**WHAT IS EXPECTED**: Retype nothing except the lines below from the one with "(a) The optofluidic" through the one with "Certes un peu", exactly, with images left out.

**EXTRACTED INFORMATION**:

----

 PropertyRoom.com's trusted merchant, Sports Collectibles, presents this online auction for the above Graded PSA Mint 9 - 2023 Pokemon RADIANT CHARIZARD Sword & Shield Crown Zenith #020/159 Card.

----

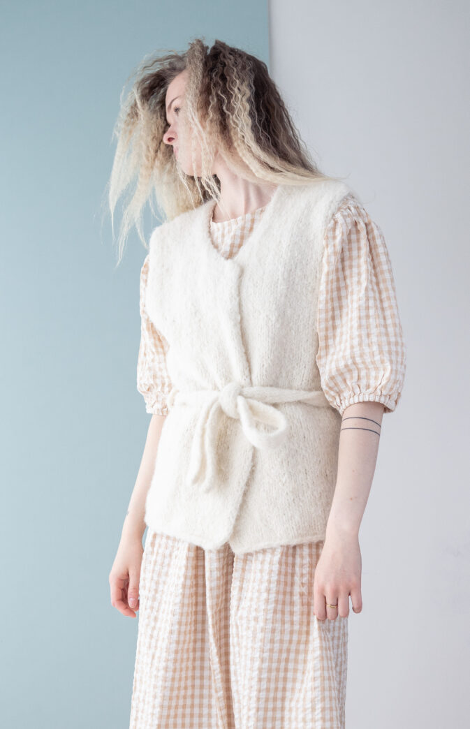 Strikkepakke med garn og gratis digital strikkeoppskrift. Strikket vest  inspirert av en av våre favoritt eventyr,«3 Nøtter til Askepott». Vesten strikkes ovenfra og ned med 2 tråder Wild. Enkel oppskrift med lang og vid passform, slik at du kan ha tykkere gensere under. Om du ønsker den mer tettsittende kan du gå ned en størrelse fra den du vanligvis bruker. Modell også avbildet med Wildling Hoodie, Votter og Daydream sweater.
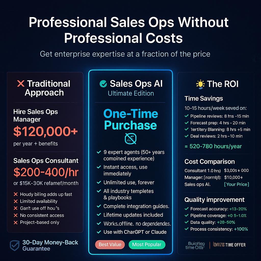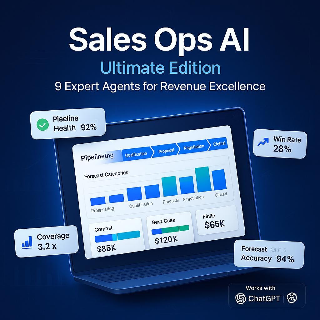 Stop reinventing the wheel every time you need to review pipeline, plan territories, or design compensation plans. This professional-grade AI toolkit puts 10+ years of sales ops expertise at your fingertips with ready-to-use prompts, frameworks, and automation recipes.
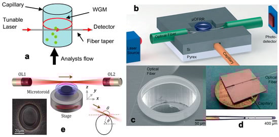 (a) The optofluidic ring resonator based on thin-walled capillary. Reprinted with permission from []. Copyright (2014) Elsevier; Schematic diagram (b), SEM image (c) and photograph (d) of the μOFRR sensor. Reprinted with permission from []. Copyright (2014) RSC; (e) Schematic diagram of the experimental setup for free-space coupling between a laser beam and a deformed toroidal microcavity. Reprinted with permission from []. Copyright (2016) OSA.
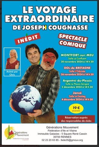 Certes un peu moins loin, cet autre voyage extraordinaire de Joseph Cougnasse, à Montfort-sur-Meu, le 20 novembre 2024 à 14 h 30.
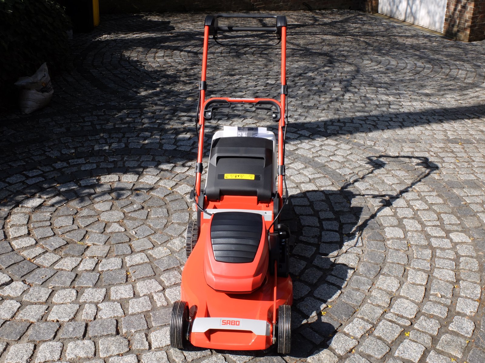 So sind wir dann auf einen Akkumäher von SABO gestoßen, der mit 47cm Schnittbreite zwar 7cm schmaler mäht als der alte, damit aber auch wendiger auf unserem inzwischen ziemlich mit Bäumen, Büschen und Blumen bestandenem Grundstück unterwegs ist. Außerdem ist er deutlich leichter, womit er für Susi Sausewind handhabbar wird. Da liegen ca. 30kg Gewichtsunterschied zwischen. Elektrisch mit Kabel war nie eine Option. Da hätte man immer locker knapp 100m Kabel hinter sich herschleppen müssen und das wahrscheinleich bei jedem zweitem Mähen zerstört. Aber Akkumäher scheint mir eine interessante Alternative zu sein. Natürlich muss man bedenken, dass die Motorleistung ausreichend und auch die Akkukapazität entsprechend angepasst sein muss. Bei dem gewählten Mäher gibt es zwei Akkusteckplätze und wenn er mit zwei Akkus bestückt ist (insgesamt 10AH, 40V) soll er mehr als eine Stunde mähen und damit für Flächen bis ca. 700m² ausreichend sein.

----

**EXERCISE RESULT**:
 (a) The optofluidic ring resonator based on thin-walled capillary. Reprinted with permission from []. Copyright (2014) Elsevier; Schematic diagram (b), SEM image (c) and photograph (d) of the μOFRR sensor. Reprinted with permission from []. Copyright (2014) RSC; (e) Schematic diagram of the experimental setup for free-space coupling between a laser beam and a deformed toroidal microcavity. Reprinted with permission from []. Copyright (2016) OSA.
 Certes un peu moins loin, cet autre voyage extraordinaire de Joseph Cougnasse, à Montfort-sur-Meu, le 20 novembre 2024 à 14 h 30.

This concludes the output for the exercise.